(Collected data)
####################

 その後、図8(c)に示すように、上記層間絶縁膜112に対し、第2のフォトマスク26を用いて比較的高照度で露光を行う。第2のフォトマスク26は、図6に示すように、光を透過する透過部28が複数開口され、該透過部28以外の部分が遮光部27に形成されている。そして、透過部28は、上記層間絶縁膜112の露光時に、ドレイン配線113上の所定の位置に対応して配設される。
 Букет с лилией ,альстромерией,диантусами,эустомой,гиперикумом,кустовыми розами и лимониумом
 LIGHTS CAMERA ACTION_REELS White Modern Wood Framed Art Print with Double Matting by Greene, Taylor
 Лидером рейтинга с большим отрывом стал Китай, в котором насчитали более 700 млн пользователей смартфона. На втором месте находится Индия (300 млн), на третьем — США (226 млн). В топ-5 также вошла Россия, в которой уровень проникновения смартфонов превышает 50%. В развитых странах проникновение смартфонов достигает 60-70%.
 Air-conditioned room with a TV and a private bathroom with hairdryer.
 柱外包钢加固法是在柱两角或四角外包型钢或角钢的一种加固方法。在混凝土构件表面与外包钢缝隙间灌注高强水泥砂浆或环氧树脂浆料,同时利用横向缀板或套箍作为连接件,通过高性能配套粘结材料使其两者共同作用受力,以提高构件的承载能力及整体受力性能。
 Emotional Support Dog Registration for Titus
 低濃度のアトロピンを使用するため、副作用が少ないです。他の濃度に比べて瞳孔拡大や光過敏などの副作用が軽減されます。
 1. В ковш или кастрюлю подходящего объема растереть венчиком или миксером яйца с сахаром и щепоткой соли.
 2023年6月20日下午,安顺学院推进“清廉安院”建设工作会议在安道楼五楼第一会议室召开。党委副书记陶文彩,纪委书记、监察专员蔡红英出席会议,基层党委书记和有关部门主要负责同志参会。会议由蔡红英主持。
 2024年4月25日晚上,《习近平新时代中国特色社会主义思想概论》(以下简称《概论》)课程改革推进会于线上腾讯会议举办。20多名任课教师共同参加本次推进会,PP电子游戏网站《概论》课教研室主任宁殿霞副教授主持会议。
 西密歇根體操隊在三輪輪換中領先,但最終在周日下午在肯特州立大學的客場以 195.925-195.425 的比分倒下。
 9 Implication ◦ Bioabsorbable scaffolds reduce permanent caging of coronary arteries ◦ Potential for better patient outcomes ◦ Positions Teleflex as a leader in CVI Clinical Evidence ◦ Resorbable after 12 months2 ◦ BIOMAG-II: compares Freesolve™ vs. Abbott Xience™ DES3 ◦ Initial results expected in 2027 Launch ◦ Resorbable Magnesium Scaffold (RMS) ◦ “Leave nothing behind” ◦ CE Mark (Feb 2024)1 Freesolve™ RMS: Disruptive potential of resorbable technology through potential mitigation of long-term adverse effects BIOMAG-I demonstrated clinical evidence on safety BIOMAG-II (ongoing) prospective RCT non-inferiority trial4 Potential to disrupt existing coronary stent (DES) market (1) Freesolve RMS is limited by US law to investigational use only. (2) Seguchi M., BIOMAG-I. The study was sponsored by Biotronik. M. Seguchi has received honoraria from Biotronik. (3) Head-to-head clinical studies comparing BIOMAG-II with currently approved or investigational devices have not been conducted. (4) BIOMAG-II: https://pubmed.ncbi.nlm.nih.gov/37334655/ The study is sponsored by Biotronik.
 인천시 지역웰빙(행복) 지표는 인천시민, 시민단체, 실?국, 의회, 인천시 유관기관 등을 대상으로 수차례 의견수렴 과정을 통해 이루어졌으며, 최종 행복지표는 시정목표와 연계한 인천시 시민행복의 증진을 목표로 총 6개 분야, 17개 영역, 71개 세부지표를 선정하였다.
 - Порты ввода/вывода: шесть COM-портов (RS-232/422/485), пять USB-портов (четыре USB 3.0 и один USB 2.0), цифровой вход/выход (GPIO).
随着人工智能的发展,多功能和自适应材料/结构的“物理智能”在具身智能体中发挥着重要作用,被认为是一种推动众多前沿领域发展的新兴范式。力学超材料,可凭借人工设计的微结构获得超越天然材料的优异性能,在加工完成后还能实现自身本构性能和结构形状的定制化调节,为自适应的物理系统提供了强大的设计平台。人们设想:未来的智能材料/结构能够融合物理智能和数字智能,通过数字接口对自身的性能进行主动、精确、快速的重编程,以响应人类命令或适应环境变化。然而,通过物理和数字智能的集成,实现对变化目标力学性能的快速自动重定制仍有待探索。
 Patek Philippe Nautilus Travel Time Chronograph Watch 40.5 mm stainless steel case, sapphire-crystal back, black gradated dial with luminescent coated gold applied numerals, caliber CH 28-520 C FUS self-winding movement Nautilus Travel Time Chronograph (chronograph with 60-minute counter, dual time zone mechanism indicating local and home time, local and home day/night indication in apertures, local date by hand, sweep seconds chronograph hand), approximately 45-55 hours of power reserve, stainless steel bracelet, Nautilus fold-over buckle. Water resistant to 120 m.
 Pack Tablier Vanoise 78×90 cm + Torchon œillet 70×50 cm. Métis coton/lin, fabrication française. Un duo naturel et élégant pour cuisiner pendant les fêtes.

####################

__WHAT IS EXPECTED__:
Begin at the line above that has "Emotional Support Dog Registration for Titus" and stop after the line that has "9 Implication ◦", copying each line exactly and adding nothing else.

__REPLY TO THE TASK__:
 Emotional Support Dog Registration for Titus
 低濃度のアトロピンを使用するため、副作用が少ないです。他の濃度に比べて瞳孔拡大や光過敏などの副作用が軽減されます。
 1. В ковш или кастрюлю подходящего объема растереть венчиком или миксером яйца с сахаром и щепоткой соли.
 2023年6月20日下午,安顺学院推进“清廉安院”建设工作会议在安道楼五楼第一会议室召开。党委副书记陶文彩,纪委书记、监察专员蔡红英出席会议,基层党委书记和有关部门主要负责同志参会。会议由蔡红英主持。
 2024年4月25日晚上,《习近平新时代中国特色社会主义思想概论》(以下简称《概论》)课程改革推进会于线上腾讯会议举办。20多名任课教师共同参加本次推进会,PP电子游戏网站《概论》课教研室主任宁殿霞副教授主持会议。
 西密歇根體操隊在三輪輪換中領先,但最終在周日下午在肯特州立大學的客場以 195.925-195.425 的比分倒下。
 9 Implication ◦ Bioabsorbable scaffolds reduce permanent caging of coronary arteries ◦ Potential for better patient outcomes ◦ Positions Teleflex as a leader in CVI Clinical Evidence ◦ Resorbable after 12 months2 ◦ BIOMAG-II: compares Freesolve™ vs. Abbott Xience™ DES3 ◦ Initial results expected in 2027 Launch ◦ Resorbable Magnesium Scaffold (RMS) ◦ “Leave nothing behind” ◦ CE Mark (Feb 2024)1 Freesolve™ RMS: Disruptive potential of resorbable technology through potential mitigation of long-term adverse effects BIOMAG-I demonstrated clinical evidence on safety BIOMAG-II (ongoing) prospective RCT non-inferiority trial4 Potential to disrupt existing coronary stent (DES) market (1) Freesolve RMS is limited by US law to investigational use only. (2) Seguchi M., BIOMAG-I. The study was sponsored by Biotronik. M. Seguchi has received honoraria from Biotronik. (3) Head-to-head clinical studies comparing BIOMAG-II with currently approved or investigational devices have not been conducted. (4) BIOMAG-II: https://pubmed.ncbi.nlm.nih.gov/37334655/ The study is sponsored by Biotronik.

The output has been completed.